Glycerol-3-phosphate is used by mitGPDH to reduce FAD from feeding the ETC without pumping protons into the intermembrane space; thus, the proton gradient decreases, oxygen uptake is maintained, and ROS production remains steady.

Some species’ mitochondria include an external NADH2 to support the ETC and accelerate oxygen uptake (Nicholls and Ferguson 2003). No evidence of an external NDH2 in either the artemia or shrimp mitochondria was observed in this study since no changes were detected in the oxygen consumption of both species with NADH as a respiratory substrate. We suggest that no alternative dehydrogenases as NDH2 exist in crustaceans, as those observed in the branched mitochondrial chains of the fungus Neurospora crassa (Duarte et al. 2003) and in the yeast, Saccharomyces cerevisiae (Marres et al. 1991).

Previous studies have reported the existence of a NDH2 and mitGPDH in organisms such as the yeast, D. hansenii. These enzymes are only expressed in the stationary phase of cell growth to maintain the ETC activity, thus decreasing the proton gradient in the intermembrane space since these enzymes do not pump protons through the MIM. This allows uncoupled of ATP synthesis and decreased ROS production (Cabrera-Orefice et al. 2014).

AOX existence was suggested by the decreased oxygen uptake in artemia mitochondria after octyl-gallate (OG) addition, since it specifically inhibits the enzyme (Hoefnagel et al. 1995). These results regarding oxygen consumption and AOX immunodetection indicate that artemia nauplii express an AOX as part of a branched respiratory chain that maintains the electrons flow and the cellular redox potential. The enzyme was also confirmed to be active at the same time as COX, but it remains to be studied whether this mitochondrial uncoupling mechanism is expressed at any specific life-cycle stage or specific environmental conditions as anoxia, hypoxia or reoxygenation.

To date, AOXs are known to participate in maintaining intracellular oxygen pressure when ADP is low or when intracellular oxygen levels rise due to the oxygen saturation in the classical respiratory chain, decreasing the risk of free radicals production and cell damage by oxidative stress (Korshunov et al. 1997; Tschischka et al. 2000).
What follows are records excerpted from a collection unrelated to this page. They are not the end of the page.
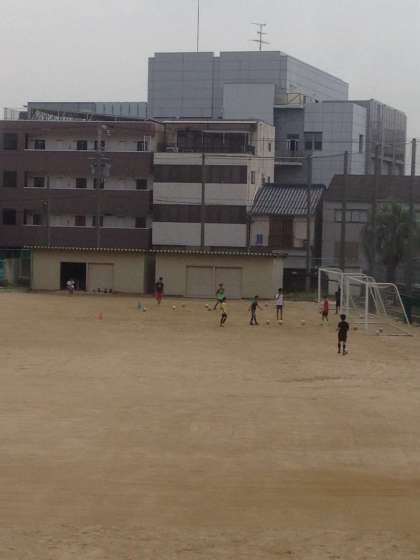 グランドではサッカー部とソフトテニス部が練習をしています。顧問の先生、朝早くからありがとうございます!
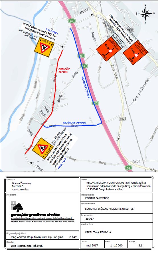 Gorenjska gradbena družba d.d., Jezerska cesta 20, 4000 Kranj, je dne 18.07.2018 zaradi podaljšanja gradnje za dokončanje kanalizacijskega omrežja in izvedbe rekonstrukcije vodovoda v naselju Breg zaprosila tudi za podaljšanje dovoljenja za prekop in popolno zaporo dela kategorizirane občinske ceste s parc. št. 1210/2 in 1189/1 obe k.o. Žirovnica z oznako LC 150061 in hkrati tudi vseh pripadajočih javnih poti ob LC 150061, do sobote, dne 29.09.2018.
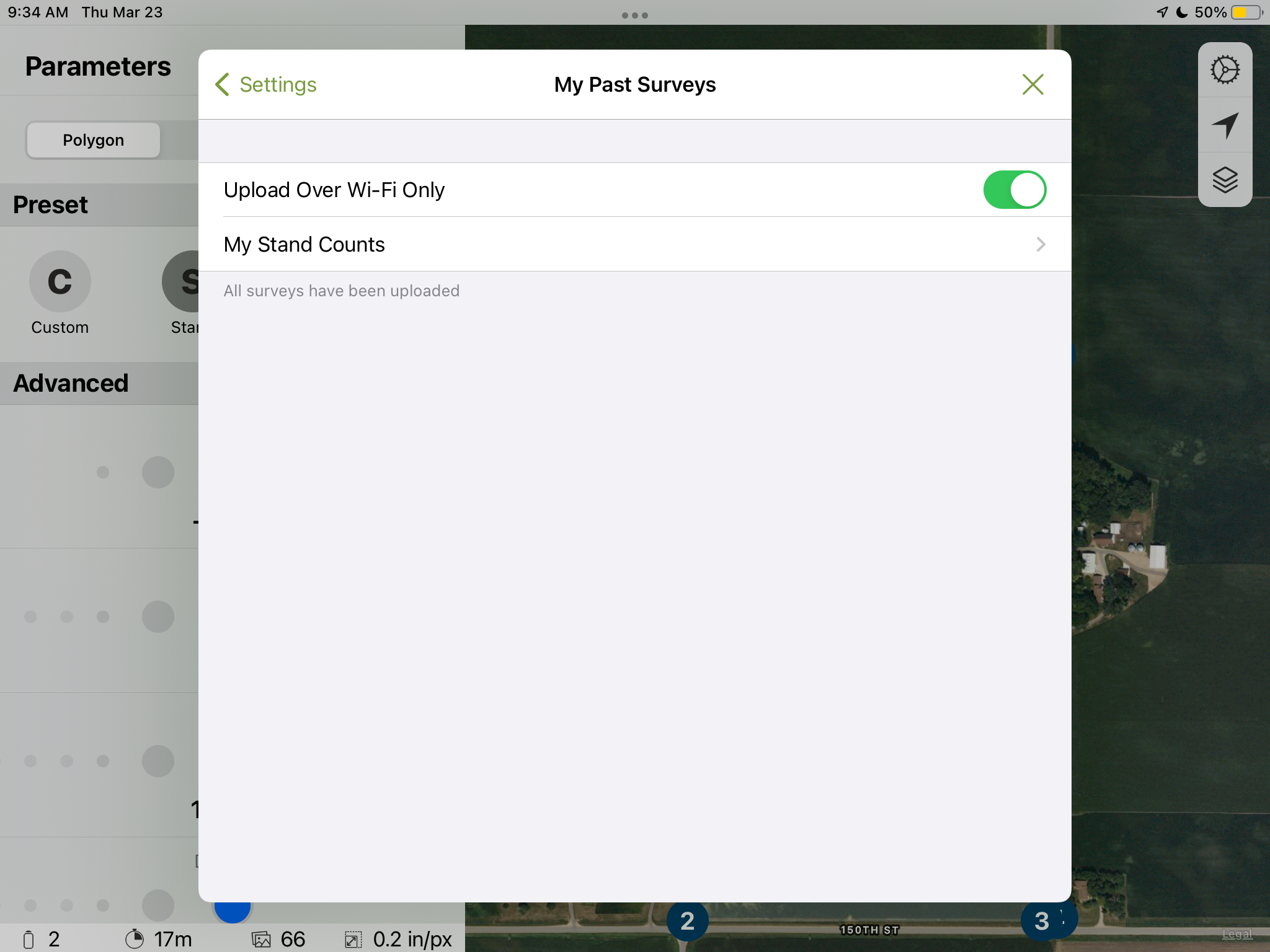 The iPad that is generating Mobile Stand Counts must be connected to the internet in order for Stand Count results to be uploaded to the cloud and accessible on the Web and Desktop. A field must also be selected when running Stand Counts so that the Stand Counts have somewhere to upload. File sizes on Stand Counts are designed to be extremely small, so as not to interfere with low data caps or connections in areas with slow connectivity.
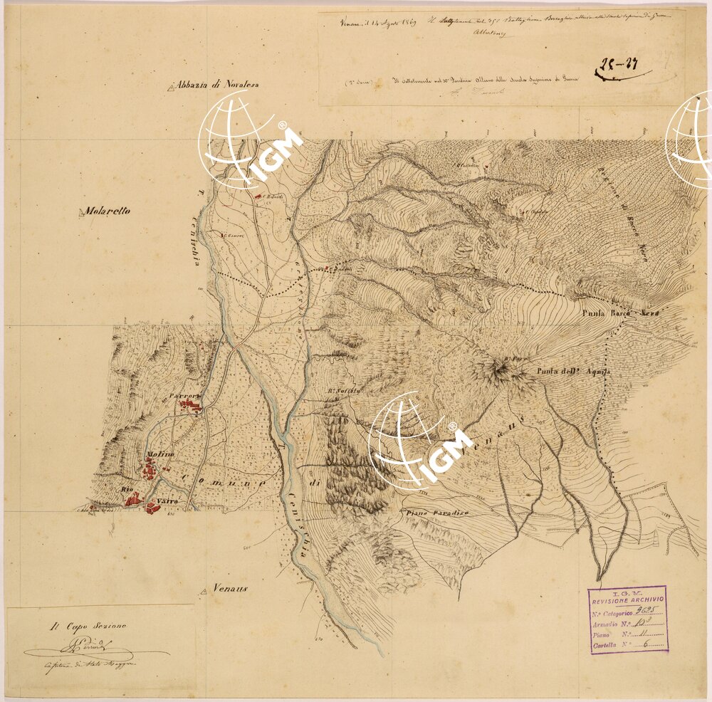 Rilievi eseguiti da Ufficiali della Scuola Superiore di Guerra, disegnati a colori su carta da disegno montata su tela.
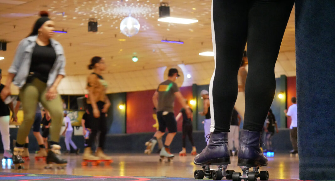 “Everybody’s sweaty, everybody’s learning, everybody’s falling, and it’s fine because you all come back up, and you feel the music together,” Hackett says with a laugh. “It’s centered around Black music—Cardi B, Drake, Beyonce—but we skate to whatever really, as long as it has a good beat. Even if the tempo doesn’t fit, the DJ will remix it a little slower, a little faster.”
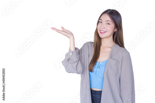 Beautiful young Asian woman long brown hair in a blue shirt is acting hand shows as presenting something isolated on white background.
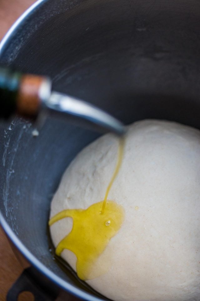 - Rub a little olive oil over the top of the dough, cover the bowl with a tea towel, and let rise until doubled, about 1 hour.
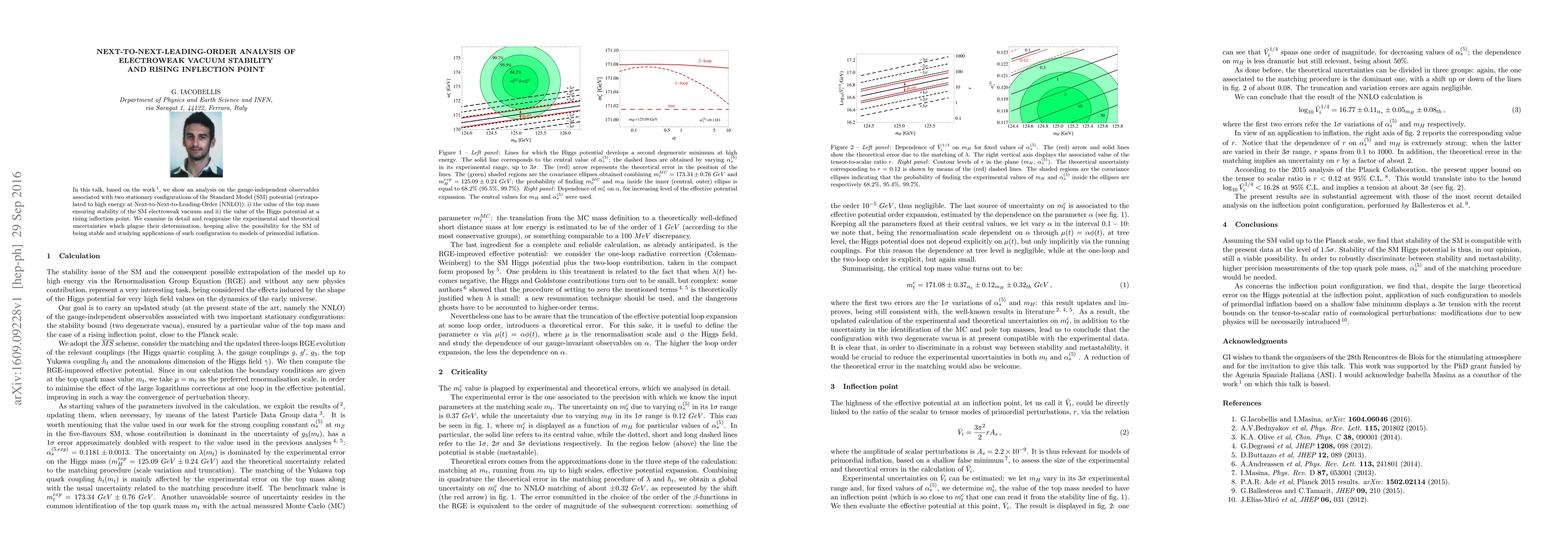 We show an analysis on the gauge-independent observables associated with two stationary configurations of the Standard Model (SM) potential (extrapolated to high energy at Next-to-Next-to-Leading-Order (NNLO)): i) the value of the top mass ensuring stability of the SM electroweak vacuum and ii) the value of the Higgs potential at a rising inflection point. We examine in detail and reappraise the experimental and theoretical uncertainties which plague their determination, keeping alive the possibility for the SM of being stable and studying applications of such configuration to models of primordial inflation.
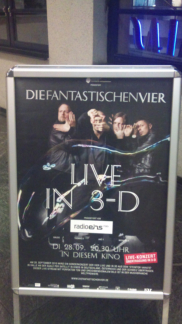 Ich war mit von der Partie, zwar nicht im Steintor Varieté in Halle aber dafür mit Brille im Cineplex Titania Kino in Berlin Steglitz. 17,50 Euro hat das Ticket gekostet aber das war es wert. Brillanter Ton und ein absolut professionell in Szene gesetztes Konzert mit tollen 3D-Bildern machten den Abend zu einem Erlebnis, das es in dieser Form noch nicht gegeben hat.
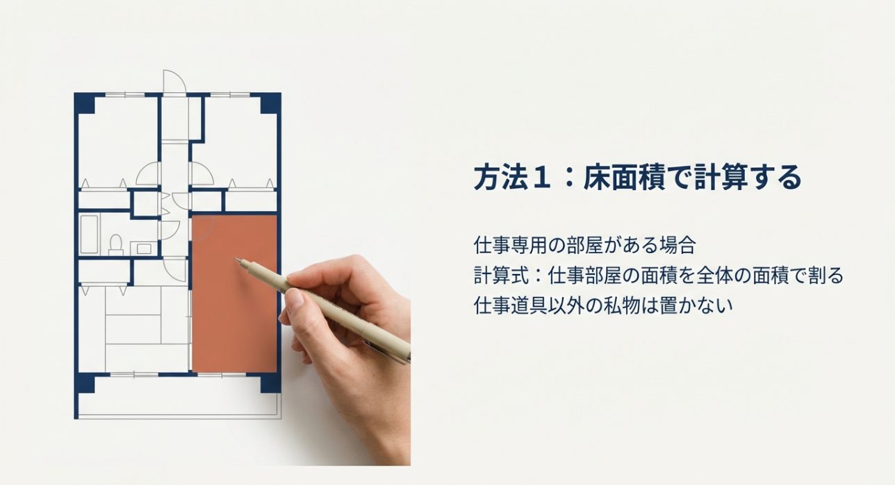 面積基準は、税務署への説明が一番しやすい王道です。 自宅全体の床面積に対して、事業専用として使っているスペースの割合を出します。 ここで大事なのは、「あなたの感覚」じゃなくて「誰が見てもそう言える材料」を揃えること。 面積基準は、その材料を作りやすいのが強みです。
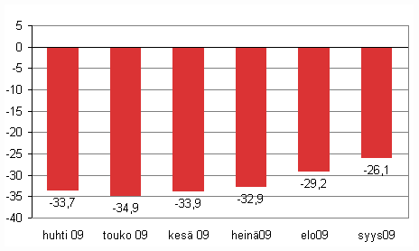 Uudisrakentamisen volyymi supistui Tilastokeskuksen ennakkotietojen mukaan tämän vuoden heinä-syyskuussa 29 prosenttia edellisen vuoden vastaavaan aikaan verrattuna. Vuonna 2008 talouden taantuma alkoi vaikuttaa rakentamiseen vuoden loppupuoliskolla ja volyymi supistui ensimmäisen kerran kolmannella neljänneksellä. Siitä lähtien lasku on jatkunut nopeutuvalla vauhdilla.
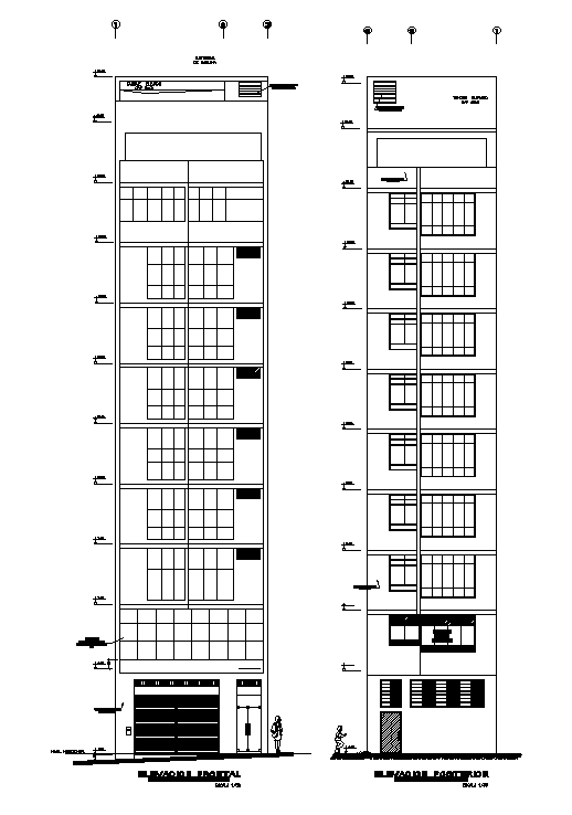 The front elevation of the 28x8m commercial building is given in this AutoCAD drawing model. This is G+ 8 level commercial building. The front and back side elevation views have been given in this model. For more details download the AutoCAD drawing file. Thank you for downloading the AutoCAD drawing file and other CAD program files from our website.

In artemia, high amounts of energy are required after the cysts hatch, and the organisms face increased oxygen concentrations. At this early stage, embryos must maintain their recently-activated cellular functions, to grow, swim and molt (Abatzopoulos et al. 2002); thus, mitGPDH and both oxidases, COX and AOX, are active. These enzymes may maintain ATP levels and control the oxygen molecule concentration to avoid excessive ROS production as suggested in other invertebrate species (Abele et al. 2007).

Although previous reports of mitochondrial alternative enzymes have confirmed that AOX exists in marine mollusks and other invertebrates (McDonald et al. 2009), to our knowledge, these results confirm for the first time, that alternative enzymes exist in crustaceans mitochondria. A mitGPDH and AOX in artemia nauplii mitochondria, both as part of a branched respiratory chain, may represent an adaptive trait used by artemia nauplii to survive the high oxygen concentrations that these organisms face after cysts eclosion. Future studies will provide additional information about these proteins specific function and the adaptive mechanisms these species have developed along their life cycle.

Since no alternative enzymes were found in shrimp mitochondria as it occurs in artemia, further efforts will be needed to determine the existence of other mitochondrial uncoupling mechanisms. To date, no evidence exists of a permeability transition response in artemia and shrimp (Menze et al. 2005; Rodriguez-Armenta, in preparation); however, recently two uncoupling proteins (UCP4 and UCP5) have been confirmed in L. vannamei mitochondria (Mendez-Romero, in preparation), suggesting these proteins are the only confirmed uncoupling mechanism in shrimp mitochondria.